In this paper, we propose a hierarchical manta ray foraging optimization with weighted fitness-distance balance selection (HMRFO) by combining a hierarchical structure with the latest improved selection method. The proposed method aims to increase population diversity to solve the problem of MRFO with premature convergence and trapping in local optima. To verify the performance of HMRFO, we compare it with MRFO and six state-of-the-art algorithms on IEEE CEC2017 functions. The experimental results demonstrate that HMRFO has superior performance and can find better solutions, escape local optima, and converge fast, indicating that the proposed method effectively increases population diversity. In terms of algorithm complexity, HMRFO and MRFO have similar computational time, suggesting that the added improved method has little effect on the algorithm complexity of MRFO. We also apply HMRFO and MRFO to optimize large-dimensional real-world problems and find that HMRFO has good practicality, especially for large-dimensional problems, as it takes less time and has low computation cost. This is valuable information for studying large-dimensional optimization problems. Finally, the curves of population diversity of HMRFO and MRFO on four different types of problems from IEEE CEC2017 further confirm that the improved method in this paper can successfully enrich population diversity.
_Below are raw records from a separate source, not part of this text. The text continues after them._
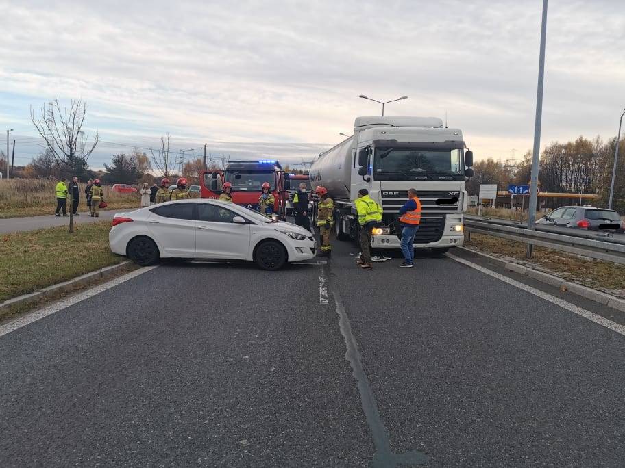Kolizja na ulicy Krakowskiej w Jaworznie. Samochód osobowy zderzył się z ciężarówką.
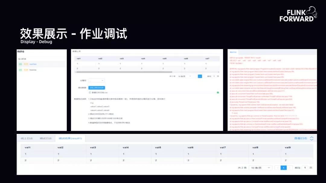 效果展示-作业调试:如下图所示为平台支持的作业调试。如果只有 SQL 开发却没有作业调试环节,是令用户痛苦的。故平台支持通过文件上传的方式以及线上采样的方式进行作业调试 SQL。
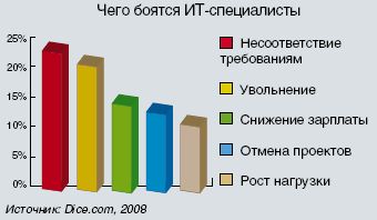 В 2008 году зарплаты ИТ-сотрудников снова значительно выросли, однако в 2009 году эта тенденция не сохранится. Большинство специалистов прогнозируют снижение компенсаций, а также сокращение штата ИТ-департамента и, как следствие, рост объема выполняемой работы. По результатам опроса, проведенного информационным ресурсом Dice, 22% респондентов выражают сомнение,
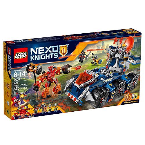 -. Binding : Toy -. Brand : LEGO -. EAN : 0732235197261 -. Feature : Detach the turret to place the Book of Fear inside the storage vault, reveal the control room and unfold the catapult / Lift up the 4 wheel flaps to reveal the Axl Bots' repair tools and weapons / Axl's Tower Carrier measures over 7 inch (18 centimeter) high, 9 inch (24 centimeter) long and 6 inch (16 centimeter) wide -. IsAdultProduct : 0 -. Label : LEGO -. Manufacturer : LEGO -. MPN : 2512990 -. PackageQuantity : 1 -. PartNumber : 2512990 -. ProductGroup : Toy -. ProductTypeName : TOYS_AND_GAMES -. Publisher : LEGO -. Studio : LEGO -. Title : LEGO 70322 Nexo Knights Axl Tower Carrier Construction Set -. UPC : 732235197261

After conducting experiments, we have discovered the following two advantages of HMRFO:

  1. (1)

    The incorporation of FW and hierarchical structure significantly enhances the population diversity of HMRFO. This results in the algorithm being able to escape local optima, avoid premature convergence, and improve the quality of solutions by considering different solutions in the search space.

  2. (2)

    HMRFO has a fast convergence rate and low computational complexity, making it a cost-effective approach to optimize large dimensional problems.
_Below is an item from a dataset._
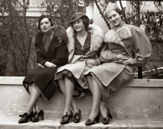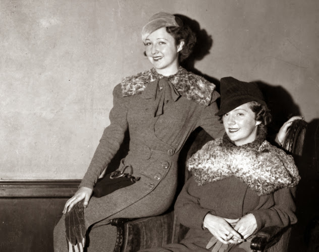 | Two models cover up in fashionable women’s suits at a 1933 show. |

In future work, the following studies could be considered:

  1. (1)

    The number of individuals per layer in this study is fixed and may have limitations as it may perform differently on different problems. In the future, the hierarchical structure could be further improved by incorporating mutual information interaction. For example, the number of individuals in each layer can be dynamically adjusted based on some evaluation metric.

  2. (2)

    The FW selection method used in this paper could be applied to improve other meta-heuristic algorithms.

  3. (3)

    HMRFO could be applied to tasks such as solar photovoltaic parameter estimation, dendritic neural models, and multi-objective optimization.